精神科領域では、「カタトニア」は統合失調症の運動異常として知られています。うつ病や脳炎の後遺症としてもみられるようで、無言・無動。蝋屈症(まるで蝋で固めたように固まってしまう)という症状がでることも知られています。

ただ、ASDにもこれと似たような症状が見られ、これを「カタトニア(catatonia-like deterioration)」と、ウイング先生たちはよんでいます。生活上ではどんな困難としてでるのか、いくつか例を出しながら整理したいと思います。

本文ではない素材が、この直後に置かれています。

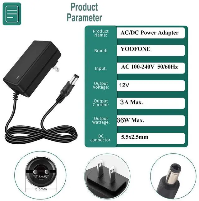 YOOFONE 12V DC 3A POWER SUPPLY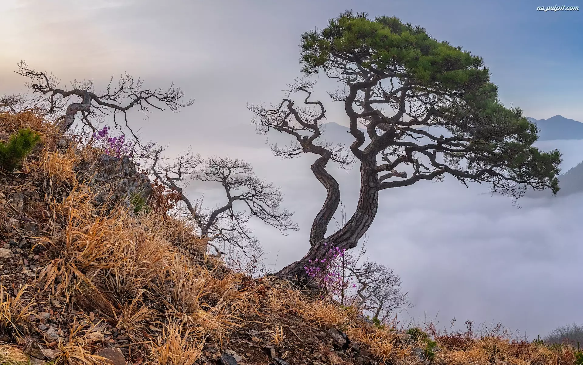 Wzgórze, Drzewo, Mgła, Trawa, Sosna, Jesień
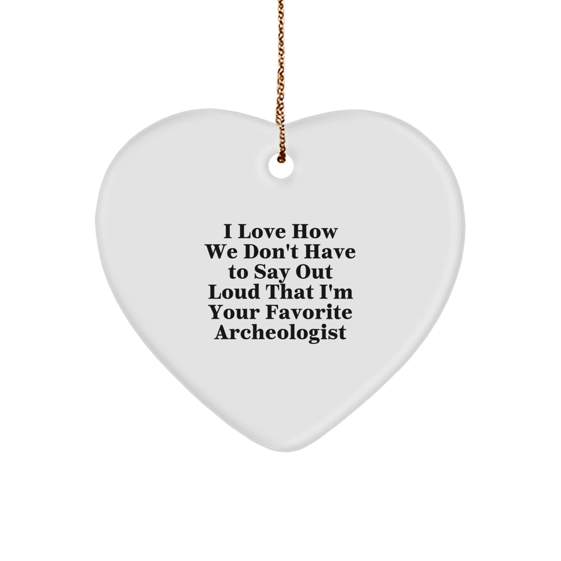 Are you an archeologist or know someone who is? This heart-shaped ornament is the ideal gift! With the quote 'I Love How We Don't Have To Say Out Loud That I'm Your Favorite Archeologist' in a funny and playful tone, it's sure to bring a smile to anyone's face. The ornament is crafted from sturdy MDF with a high-gloss plastic finish and is vibrantly printed from edge-to-edge via Sublimation, ensuring bright and vivid colors. It's lightweight and resistant to breaking, making it a great choice for households with children or pets. The festive gold cord makes it easy to hang and perfect for stress-free decorating. Whether you're sending it as a gift to a loved one or keeping it for yourself, this ornament is sure to be a treasured addition to any collection.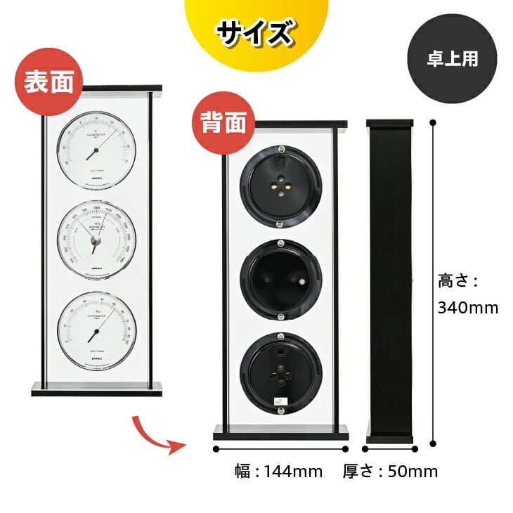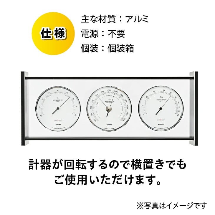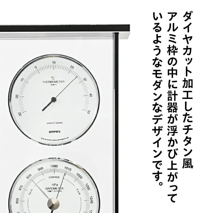 - 【10月1日より価格改定】 スーパーEXギャラリー気象計 EX-796 みずさわ気象計器 温度計 湿度計 気圧計 健康管理 気象病対策 気象観測 モダン インテリア 縦置き 横置き 卓上用 ダイヤカット加工 チタン風アルミ枠 アナログ式 電池不要 [AJ068]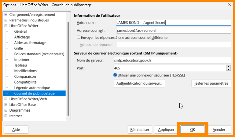 - À gauche, dans la catégorie "LibreOffice Writer", cliquez sur "Courriel de publipostage".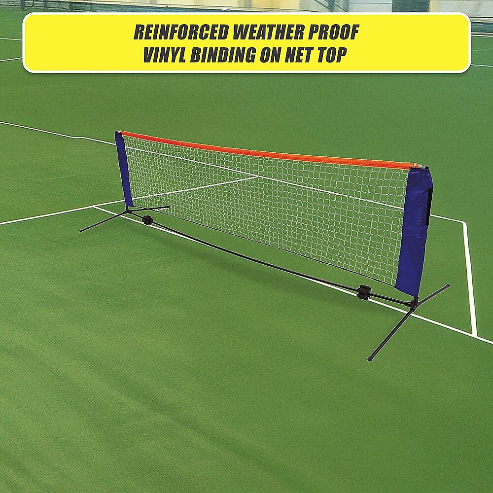 The portable tennis net and post system is reasonably priced, built with quality and designed to last. The steel tube frame construction is cleverly designed with unique interlocking sections for added strength. Set it up or take it down in just minutes. Your children can learn the sport of tennis in the backyard, in the park or even in an indoor facility.
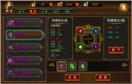 玩家需要开孔来镶嵌宝石,不同的孔只可以镶嵌该类型的宝石,目前有4类宝石:热情宝石、勇敢宝石、天命宝石、智慧宝石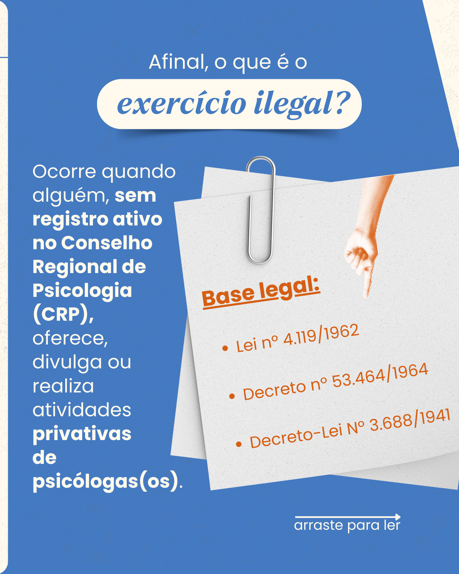 O Conselho Regional de Psicologia da 18ª Região (CRP18-MT) reforça à sociedade mato-grossense que o exercício ilegal da Psicologia constitui contravenção penal e representa um grave risco à saúde mental da população. Configura exercício ilegal quando uma pessoa sem formação em Psicologia e/ou sem registro ativo no Conselho oferece, divulga ou realiza atividades privativas de psicólogas(os), em desacordo com a Lei nº 4.119/1962, o Decreto nº 53.464/1964 e o Decreto-Lei nº 3.688/1941. Nessas situações, além de colocar em risco quem busca atendimento, há violação direta das normas que regulam a profissão e protegem a sociedade.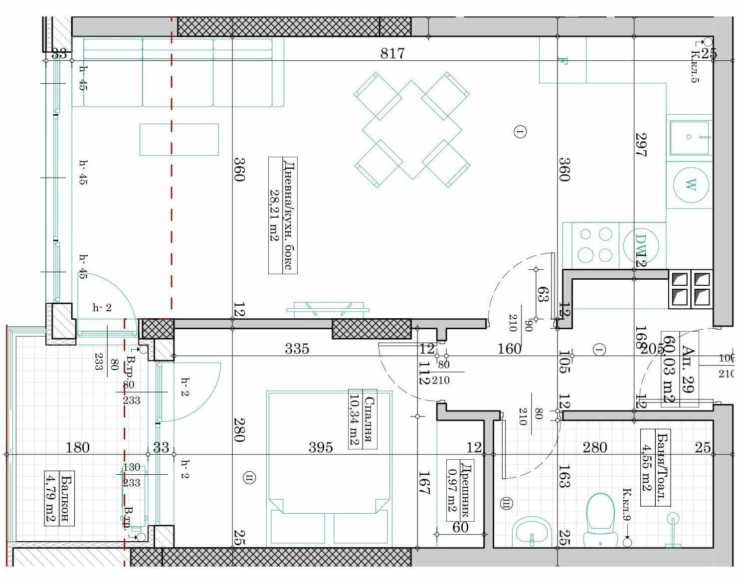 ЕРА Вива продава двустаен апартамент в новострояща се жилищна сграда в кв. Левски, гр. Варна. Жилището е със застроена площ от 60.03 кв.м. /69.69 кв.м. с общите части/ и е разположено на пети етаж. Имотът е функционално разпределен, включващ просторна дневна с кухненски кът /28.21 кв.м./, спалня с дрешник /11.31 кв.м./, баня с тоалетна /4.55 кв.м./ и балкон /4.79кв.м./. Стаите са светли, с правилни форми. Степен на завършеност по БДС - на шпакловка и замазка, с поставена ПВЦ дограма и блиндирана входна врата. Отоплението е предвидено на ток. Mодерна новострояща се сграда, която ще впечатли с изключителен стил и качество. Сградата ще разполага с асансьор и домофонна система за удобство и сигурност на живущите. Освен това, има възможност за закупуване на открито или закрито паркомясто. Използваните материали и технологии са съобразени с последните иновации в строителния бранш, гарантирайки устойчивост и енергийна ефективност. Очаквано въвеждане в експлоатация май 2026 г. Район с отлично изградена инфраструктура. В близост до УМБАЛ Света Марина, Втори корпус на Икономически университет, детска градина, магазини, ателиета за услуги и спирки на градския транспорт.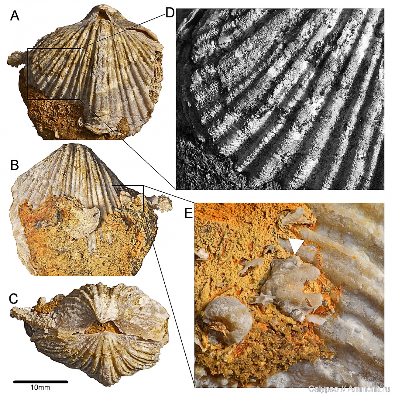 После окончания препарации заметно проявилась скульптура раковины (врезка D)- увеличенный участок спинной створки (A). Так-же удалось обнаружить комплекс прирастающих и занесённых с осадком организмов: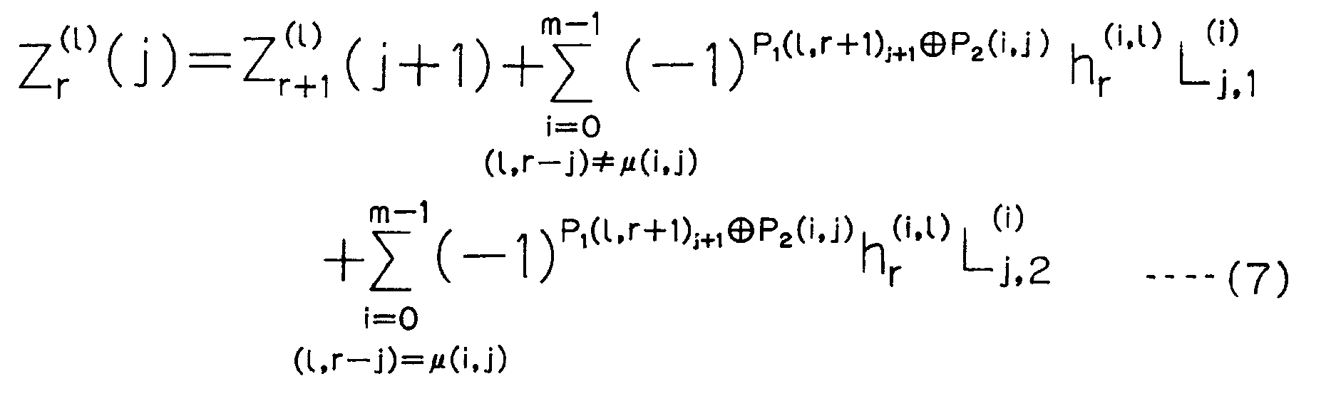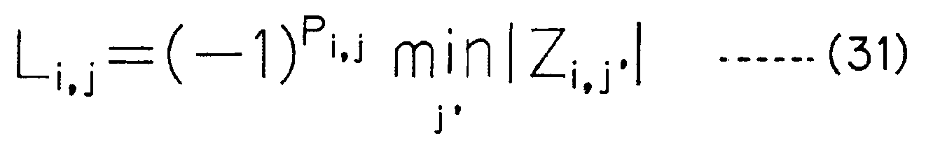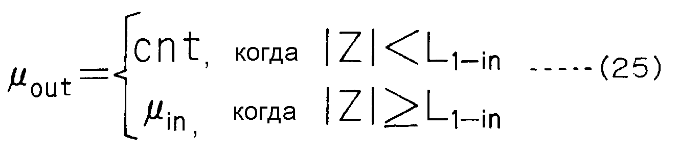 То есть блок 62 узлов обработки проверки для переменной выводит наименьшее значение из значений Z, рассчитанных до сих пор, в качестве L1-out через регистр 61 в блок 62 узлов обработки проверки для переменной следующей ступени. Когда значение L1-out непосредственно предыдущей ступени, введенное в качестве L1-in, стало наименьшим, как показано в равенстве (25), блок 62 узлов обработки проверки для переменной следующей ступени выводит в качестве out набор целого числа от 0 до n-1 в качестве счета и целого числа между 0 и a-1, соответствующего значению счета, синхронизированного с тактовыми импульсами.
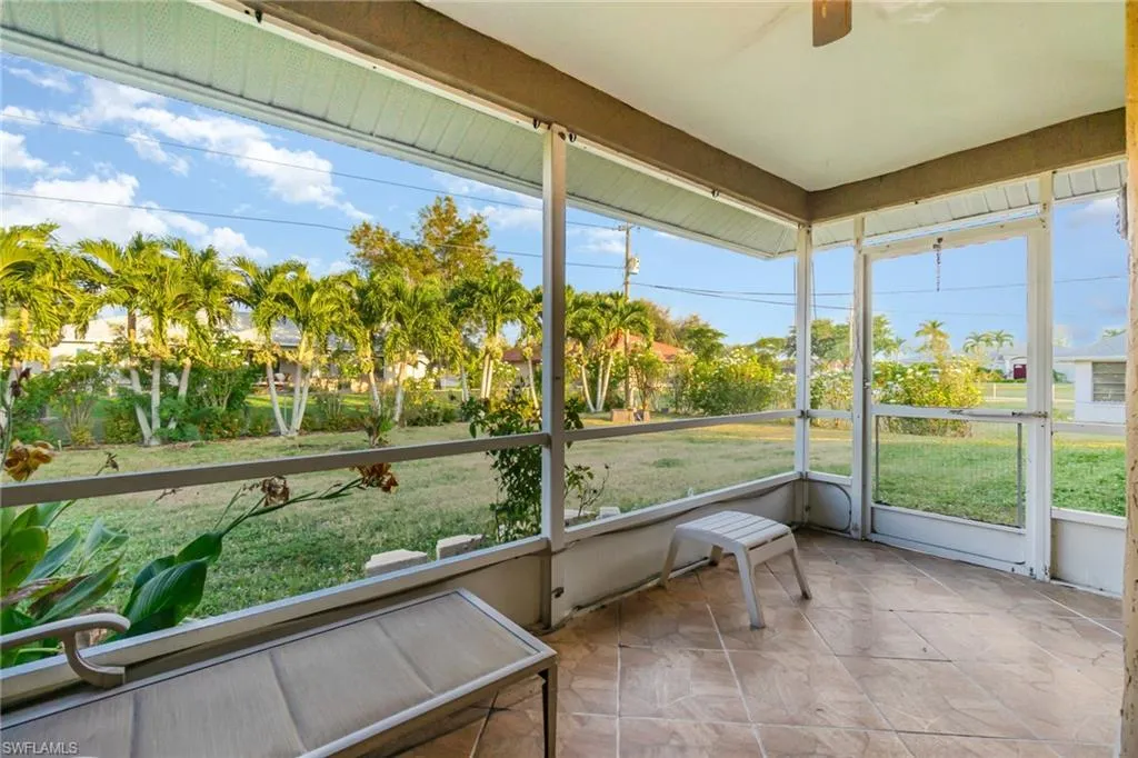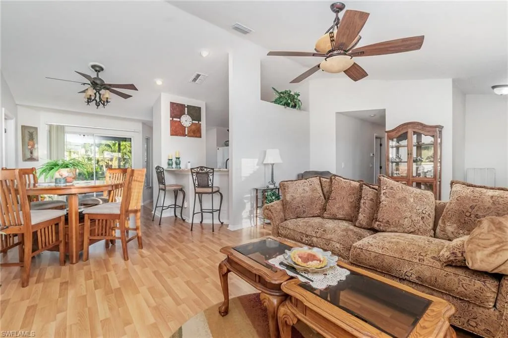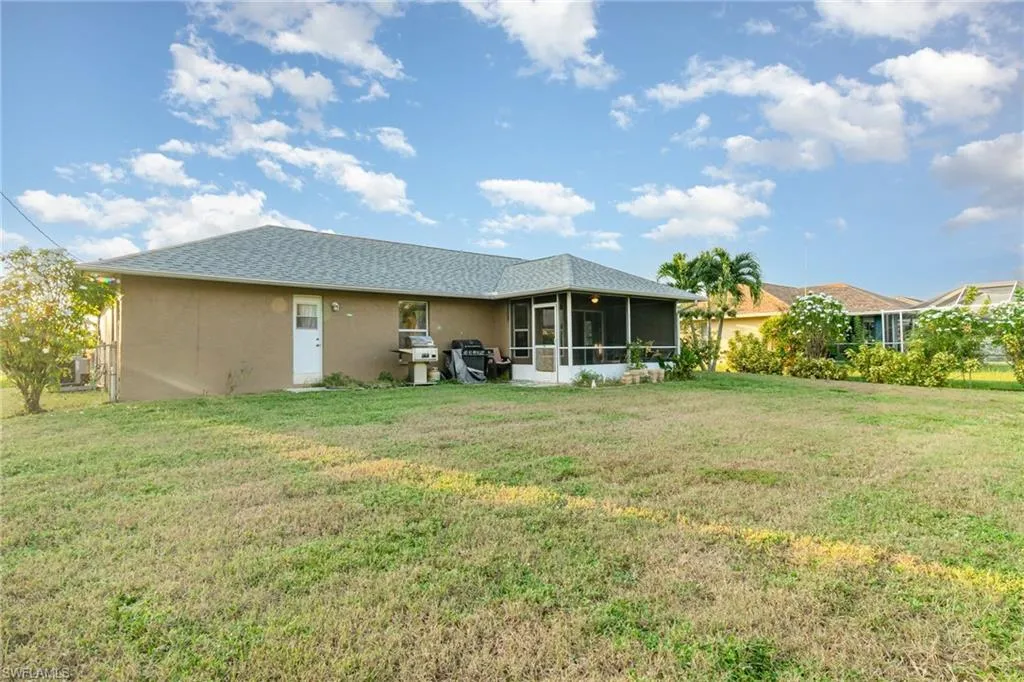 FURNISHED 3 Bedroom, 2 Bathroom, 2 Car Garage home located in Cape Coral. NO HOA FEES & NO FLOOD REQUIRED! CLICK ON THE VIRTUAL TOUR LINK 1 FOR THE VIDEO AND VIRTUAL LINK 2 FOR THE 3D TOUR. Featuring a bright & airy floor plan, high vaulted ceilings, laminate wood flooring throughout, and MORE! The open living and dining areas create an ideal setting for effortless entertaining, featuring large windows and a glass slider that fills the space with natural light. The EAT-IN kitchen offers all appliances, granite countertops, tiled backsplash, a closet pantry, and a breakfast bar for casual dining. The spacious master suite has a walk-in closet and a private bathroom with a dual sink vanity and a shower/tub combo. The guest bedrooms are on a split floor plan offering plenty of privacy, with built-in closets and a shared guest bathroom nearby. The screened-in lanai is the perfect spot to sip your morning coffee or unwind with your favorite evening beverage, taking in the beautiful Florida weather. A fully fenced backyard has lush landscaping, with plenty of room for a pool or creating your own private oasis. Conveniently located close to parks, schools, shopping, and dining. Residents enjoy nearby recreational spots like Four Mile Cove Ecological Preserve & Sun Splash Water Park, plus easy access to boating and outdoor activities along the Caloosahatchee River, with a short drive to local award-winning beaches. Schedule your showing TODAY!

・促しがないと行動を始めるのが遅くなったり、困難になる。
→(例)「どうぞ」と促さないと食事を取れない。いつも促しがないと行動が止まってしまう。
・途中のフリーズ
→(例)一緒に外を歩いていても、急に立ち止まってしまう。お風呂に入る時に入浴しようとしたのにその姿勢で止まってしまう。階段を登る一段目の足が出る時に止まってしまう。
・境界線を越えることが困難
→(例)歩道の割れ目や段差を越えることができない。敷居を越えるのにうまくいかない。
・活動終了ができない
→(例)いつまでも同じことを繰り返してしまう(常同行動とは別)
・明らかな発話の減少
→(例)自分から話し始めることが極端に減る
・完全緘黙
→(例)本来、人とやり取りする能力もあるし、していたのに全く喋らなくなる
・衝動的な行動
→(例)普段は動きがスローだったり、固まりがちなのに、急に自分の目指す方に走り出す

これらが全てではありませんが、こうした症状がみられたりします。特に目立つのは、促しがないと動けない、なかには直接触ったり、介入しないと歩けない、食べ物を口まで持ってこれないなどです。  

自閉症支援を見直すとはどういうこと?

こうした時にどうしたらいいのでしょうか。かつては、食事が取れなくなってしまう、どんなに周囲が頑張って促してもトイレで排泄ができず失禁につながるなどの重いカタトニアが多く報告されていました。ただ、近年では「スムーズに歩いていると思っていたら、急に止まってしまう。促せばまた歩いてくれるが、また止まる」などのカタトニア症状がみられる自閉症の方にお会いすることが少なくありません。
         
そうした時に考えることは、「薬物療法」が最初ではなく(もちろん、使用することもあります)、最も大切なことは自閉症支援の見直しです。まずはご本人の特性をあらためて評価し直すことです。例えば、
・知的水準
・自閉症特性
・コミュニケーション
・生活スキル
などを、「本当に今の見立てであっているのか?」と見直してみることです。

見立てと今の支援の理由を客観的な理由で説明できるか

個々の得手不得手や、スキル、特性を「多分〇〇だと思う」ではなくて、「座ってくださいなどの日常的な指示ではなくて、教材を持ってきてくださいなど馴染みのない指示を出したら理解が難しいようでしたが、指差しをしながら再度指示をしたら応じてくれました。だから、口頭での指示は2~3語文では不確実で曖昧な理解です」など、ある程度根拠を持って説明できることがどれくらいあるでしょうか?
  
よくあるのは「前はできていました」「いつもはできます」というものですが、そうした環境によって発揮できる力が異なること自体が「不確実」「環境に左右される」という特徴でもあります。それ以外にも、どうしてこのスケジュールなのか、どうしてこのコミュニケーション支援なのかなどをどのくらい説明できるでしょうか。
    
もし、こうした根拠を持って説明できることを増やすことが、「自閉症支援の見直しをする」ということです。